Teenager Lexi Ricard loves shoes. “They’re absolutely fabulous,” she says. So to celebrate her 16th birthday this week, she wanted shoes. Lots of them! “She came to me to last October, saying ‘I’ve got this great idea,’ ​​” says her mom, Jody Morgan. “I’m thinking, ‘Great! What am I in for if we have to plan this far ahead? I better sit down for this one.”

Turns out Lexi wanted to do… a shoe drive. After getting her mom’s permission, she approached her youth minister, Liz Cely, from Cherokee Presbyterian Church in Gilbert, S.C. “She told me instead of having a big sweet 16 party she wanted to collect shoes for people that really needed them,” says Cely, who helped Lexi research organizations she might work with. When Lexi  heard that Soles4Souls, in Tennessee, worked with people all over the world who need shoes, she was sold. “They wash and size people’s feet and make sure each person (men, women and child) is sized appropriately. It really made me happy to think about people that would get help, it’s a really good feeling for me.Lexi began putting flyers and shoe collection bins at her church and then around town. “At first people were like, ‘we’re not sure we want all these shoes at our places of business, overflowing.’ I told them, ‘I hope they do overflow. I promise to empty them every week, or more often, if needed.’ I was amazed at how generous folks were to let me do that.”
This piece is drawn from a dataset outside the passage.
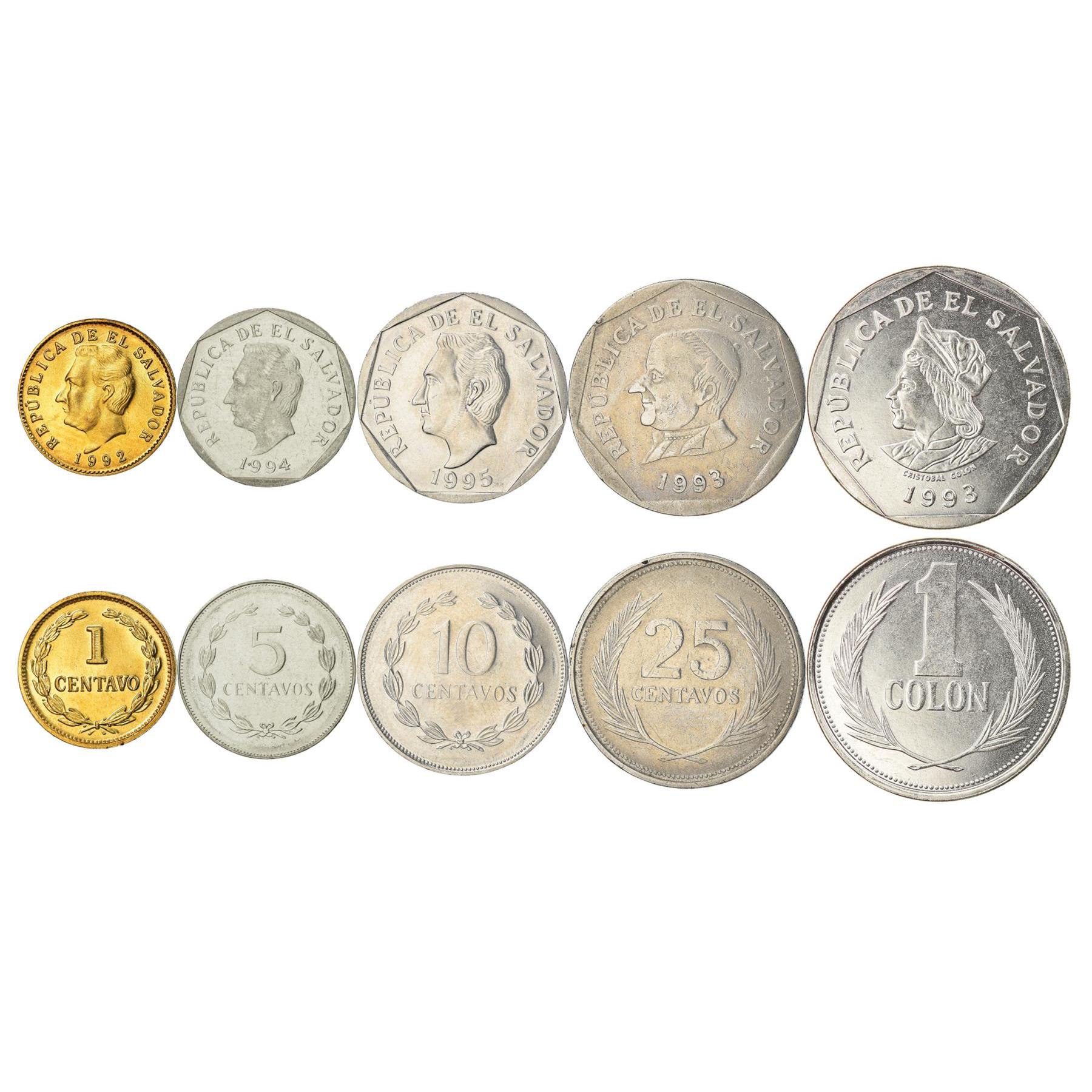 5 coin set made in El Salvador (Republic of El Salvador ), República de El Salvador. Salvadoran coins picked from these periods: Colón (1989 - 1999).

Lexi began to tell folks about how she had gone on ministry trips with her youth in middle school, which motivated her to ask for shoes for others for her 16th birthday. “I just remember painting a house in Ohio for a woman who had a daughter my age. They were so grateful for what they received from us. I learned that we can paint a picture of God and portray that to others, through how we help them.” 

A week before her birthday,  Lexi’s story, in which she credited her church for influencing her life and the lives of others, aired on the local news in Columbia, S.C.  Now they have shoes “coming out of their ears. We have half a garage full,” says Morgan, who has counted more than a thousand shoes. “We got at least another 500 from that TV story and will probably have close to 2,000 before we’re done.”

Pastor Blaine Hill came to Cherokee as its organizing pastor in 2005, helping the new church development get chartered a year ago. He is excited and grateful for  Lexi’s Soles4Soles project. “We’re trying to be a congregation of disciples of Jesus who understand we are sent into the world as God’s presence, that our lives are a venue for the mission of God. Lexi is a great kid. I’m proud that she is selfless around this milestone in her life.”

Cherokee received a $100,000 new church development grant, payable over five years, from the General Assembly Mission Council of the Presbyterian Church (U.S.A.) through Mission Program Grants, a ministry of Evangelism and Church Growth. It was during this time, in 2006, that Jody Morgan began attending Cherokee with her daughters, Lexi and Bailey, her fiancé, Gary, and his daughter, Bailey. “We wanted to start our relationship off right. We were going to try it one time… and we never left! It was such a welcoming church. When Liz came in 2008, she really connected with all our kids. I give her credit to where Lexi is today.”

Cely says that when Lexi came to her with her 16th birthday idea, it surprised her at first. “But it really made sense, because that’s the kind of person Lexi is. She’s a very caring young woman who wants to help people. I hope all of our middle school girls strive to be like her.”

 Lexi is “super excited” when she hears that, amazed by the impact of her idea to collect shoes for others on her 16th birthday. “When I painted that house for that woman and her daughter, who was my age, I was in middle school,” she says. It changed me. The church continues to teach us how to be friends with each other. If this helps younger girls follow Jesus, it would be wonderful.”